About the same old topic…. Topic that mankind has been thinking about since its birth…. Love, man and woman, their mutual coexistence…. And everything else that follows…
For centuries people have thought, written, played and sung about this thing called love…. And yet it remains out of grasp….

The moment there is duality, there has to be strong attraction and repulsion inherent in the system….. Man and woman, being such complicated halves of one whole self that their coexistence would be, without any doubt, a mystery like no other… attraction to become one complete presence and repulsion to retain the individual presences.

They say a man and woman cannot be friends, there enters love to spoil it all….. But is that not ridiculous thing to expect?! There are two contradictions in this one single statement….. One, why is friendship not valued as love? Two, man and woman are dual poles of the same humanity, they are bound to love each other…. Why does that have to spoil anything?

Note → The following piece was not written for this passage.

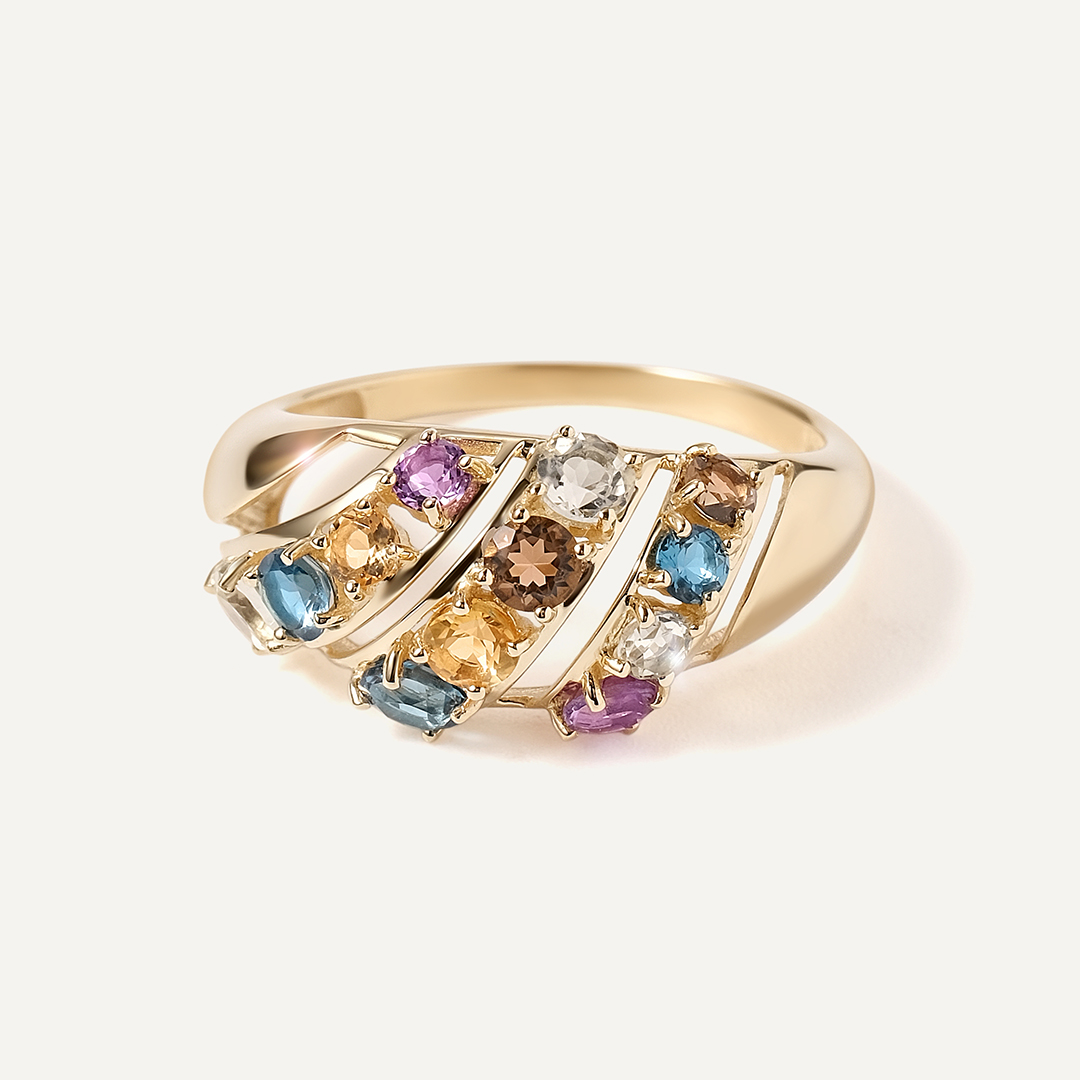 Кольцо из желтого золота с самоцветами

But this is all theoretical discussion of course, inside we all know that here, love refers to a very sexual, reproduction intending, and instinctive animal desire, which is only one tiny aspect of a huge big complex idea of love.

This is like the story of an elephant and the blind men….. We all encounter very unique aspect of that one big huge love and assume it to be the one and only love. Generally speaking, owing to the natural tendencies, men and women see almost opposite aspects of love…. They “expect” accordingly different responses from each other… but actually none of them is right about love. Love is all about overcoming that inherent miscommunication. Love is about learning the whole concept of what really the elephant is!

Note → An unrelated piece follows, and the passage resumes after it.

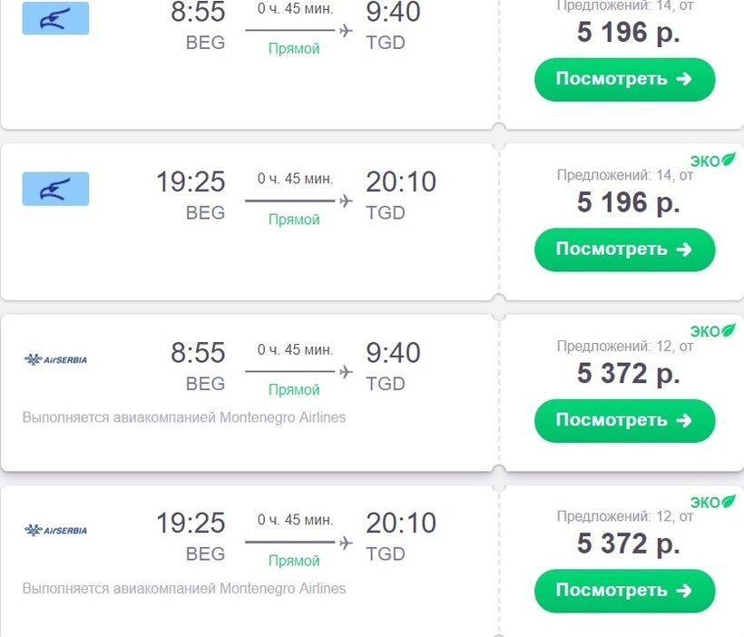 Билеты до Подгорицы от 8250 динаров (5200 рублей).

Woman sees love in every relation… she finds the very imagination of it so very satisfying that she hardly cares to check the reality, which may not be as rosy as she thinks… Of course here I refer to woman as gender expressed in any form. Man does not see love like she does, at least not naturally. For him, it is a sport, a conquest…. There is possession and power involved…. And there is sexual aspect of love so very dominant…..

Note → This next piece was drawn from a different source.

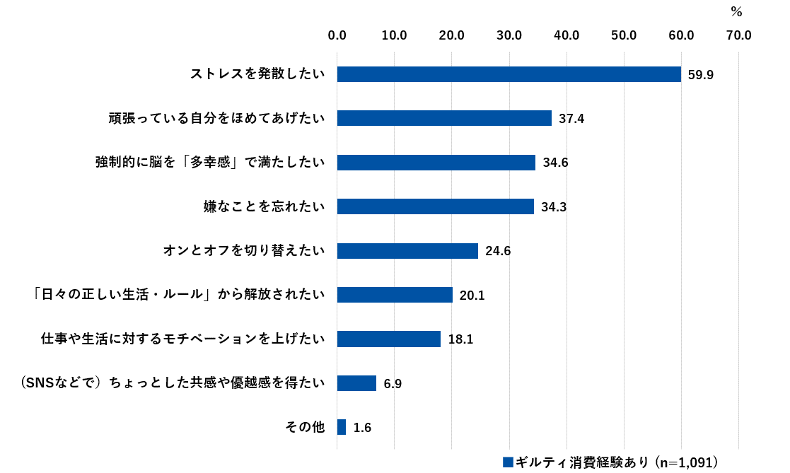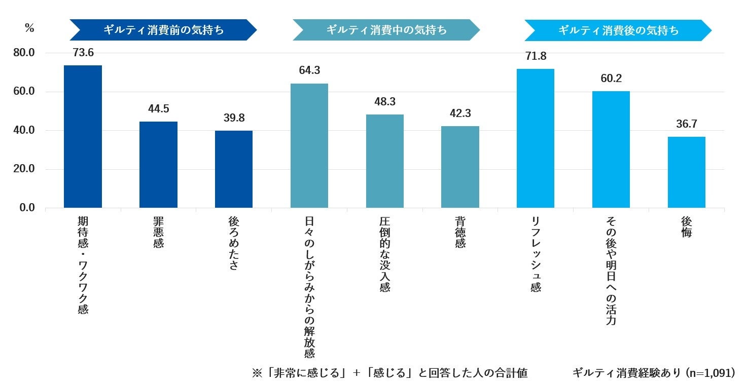 期待感・リフレッシュ7割に対し、後悔はわずか3割。ギルティ消費に「明日への活力」を見出す現代人

But it would be unjust to denounce men to the level of an animal. Time and again, men have shown courage and vulnerability of crossing their inbuilt idea of love. They have evolved in so many invisible ways. Maybe it was living in thousands of years of family structure that has started to change men….

They are becoming sensitive like a woman is…. They are starting to feel the other aspects of love…. For a long time human psychology has believed children to be woman’s natural responsibility, that men have no instinctive parental feeling. But years and years of fatherhood seems to have rubbed off on them! Observe closely, there are so many men around us who feel complete with fatherhood. They want it; crave it as much as woman craves motherhood. This was not how nature made them. They picked it up with time….  Man became father…..

Of course, slow as they are by nature, they have taken long time learning it… and still seem to fight with the change more often than they should! This is a good change, guys…. It is okay to be vulnerable to women just as she is vulnerable to you… We are growing up together…see?!

We are not going to have wars anymore, fights anymore, if men learn to be vulnerable, to love… as a father…. Yes, they need not become a copy of motherhood! It will be as sick and shallow as women competing men in fights and smoke….!

And woman is changing too along his side. Woman, who was tied down in centuries of pregnancy, is now free… free to learn, to create, to express herself in ways other than raising children…. She’s learning about the world as men built it for years…. She is raising questions, making changes, taking her part in reshaping the world….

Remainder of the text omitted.